Metalink Repositories: Stability Channels

Consistently representing both internal and external dependencies.

Continuing on the topic of metalink repositories, one of the biggest advantages I have found is that I no longer need to worry about complicated rules for when products should be published and what downstream components might be affected. Instead, I can focus on defining what “alpha” vs “rc” vs “stable” mean, and then downstream components consume however it’s appropriate for them.

That may sound trivial and obvious. However, I have found implementing those workflows in a product to be difficult before using metalink repositories (see Motivations for more details). Previously I might publish assets to S3, or use branches for source code, or prefixed tags in a git repository; but then you lose checksum options, or the ability to share pre-built assets, or noisy repositories. A metalink file provides a method for separating the concerns of code from distributing assets.
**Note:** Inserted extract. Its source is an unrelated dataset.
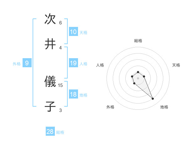 次井 儀子さんの総格は28画の1点!

Before getting into a few other benefits, let’s start with an example.

Beta vs RC vs Stable

I mentioned that metalink repositories are good for separating out stability channels. For example, my openvpn-bosh-release has an artifacts branch where I publish the metalinks for my builds. I can point consumers to the branch and they can use the README.md to understand which channel is best for them.

Production environments would typically consume the stable directory. For environments I manage though I point them to earlier, less stable channels for faster feedback and “dog fooding” changes. For example:

  • personal development environment is pointed to beta to run whatever version has passed CI tests;
  • client production environment is pointed to rc to run whatever version is about to be promoted for public release; and
  • critical infrastructure is pointed to stable to run only very confident versions.
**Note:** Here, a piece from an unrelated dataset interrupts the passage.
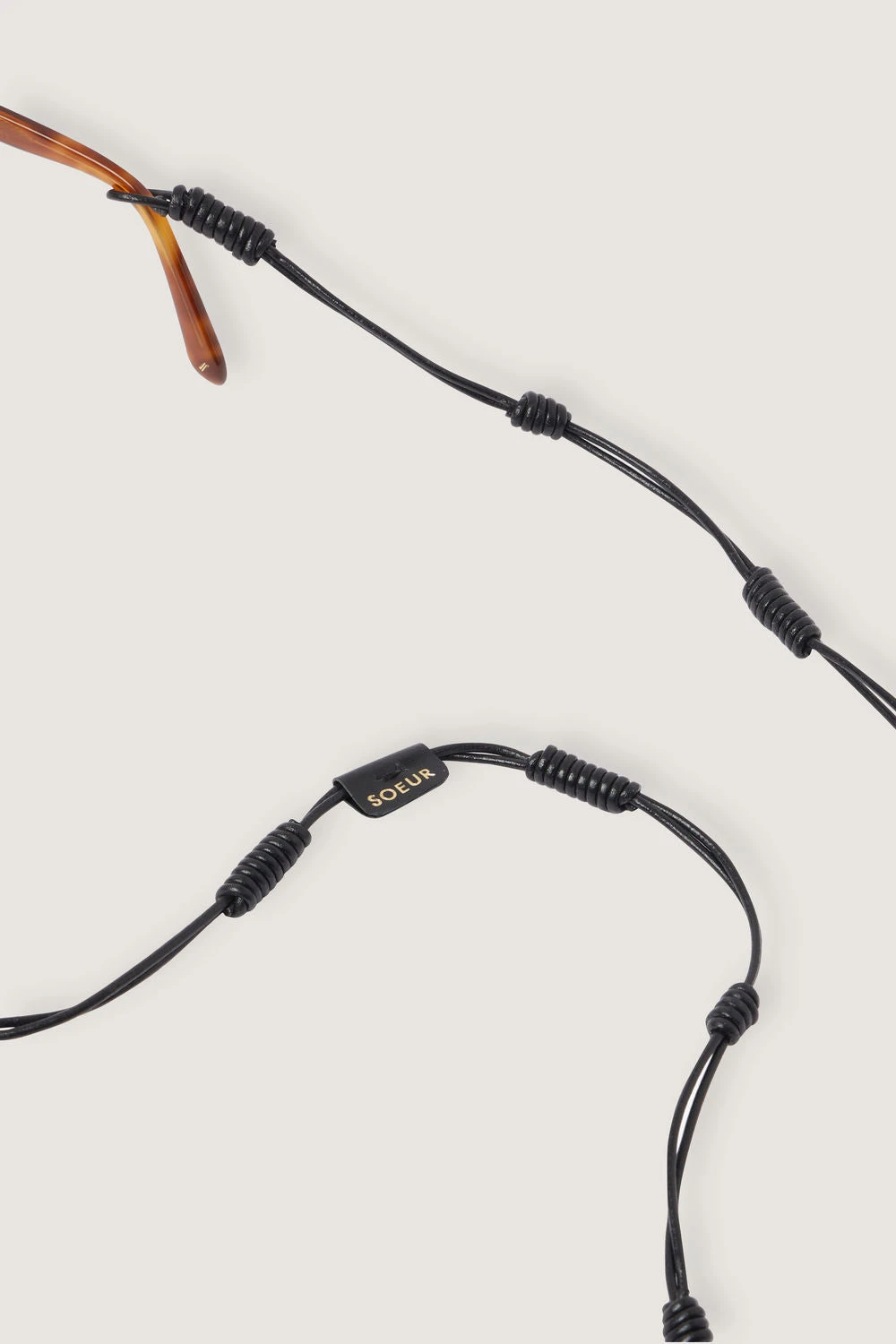 ARNALDO est un cordon à lunettes entièrement constitué de liens en cuir noués à la main façon macramé.

Within Concourse, environments are then able to consume releases with something like the following…

jobs:
- name: "deploy-vpn"
  plan:
  - get: "openvpn-bosh-release"
    trigger: true
  - put: "vpn-deployment"
    params:
      releases:
      - "openvpn-bosh-release/*.tgz"
resources:
- name: "openvpn-bosh-release"
  type: "metalink-repository"
  source:
    uri: "git+https://github.com/dpb587/openvpn-bosh-release.git//release/stable#artifacts"

If a channel starts to become too stable or unstable, they only need to change a path (as opposed to switching from a different resource entirely, like s3 or bosh-io-release for BOSH releases).
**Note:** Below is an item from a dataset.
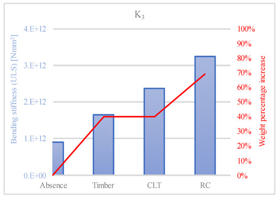 The SLS bending stiffness in Figure 4b shows a greater increment, with a range from 69% (K1) to 90% (K3) in case of crossed timber planking, from 149% (K1) to 172% (K3) in case of CLT panel, and from 252% (K1) to 268% (K3) for of RC slab.

Internal Stability Channels

Eventually, larger teams start implementing acceptance workflows as part of adopting upstream dependency changes. For example, an operations team likely has a separate staging and production environment, and they would not immediately roll out a new dependency straight to production. At that point, you need some way to track and coordinate across environments. Historically, I have seen teams handling this manually or by having some very large, complex pipelines which need to be aware of multiple environments.

I do not think environments and their pipelines should be aware of how their component dependencies may be related to other, downstream environments. Instead, they should declare what state their components are in, and then downstream environments can refer to that. By separating the concerns, you reduce the complexity and scope that a pipeline and environment is responsible for.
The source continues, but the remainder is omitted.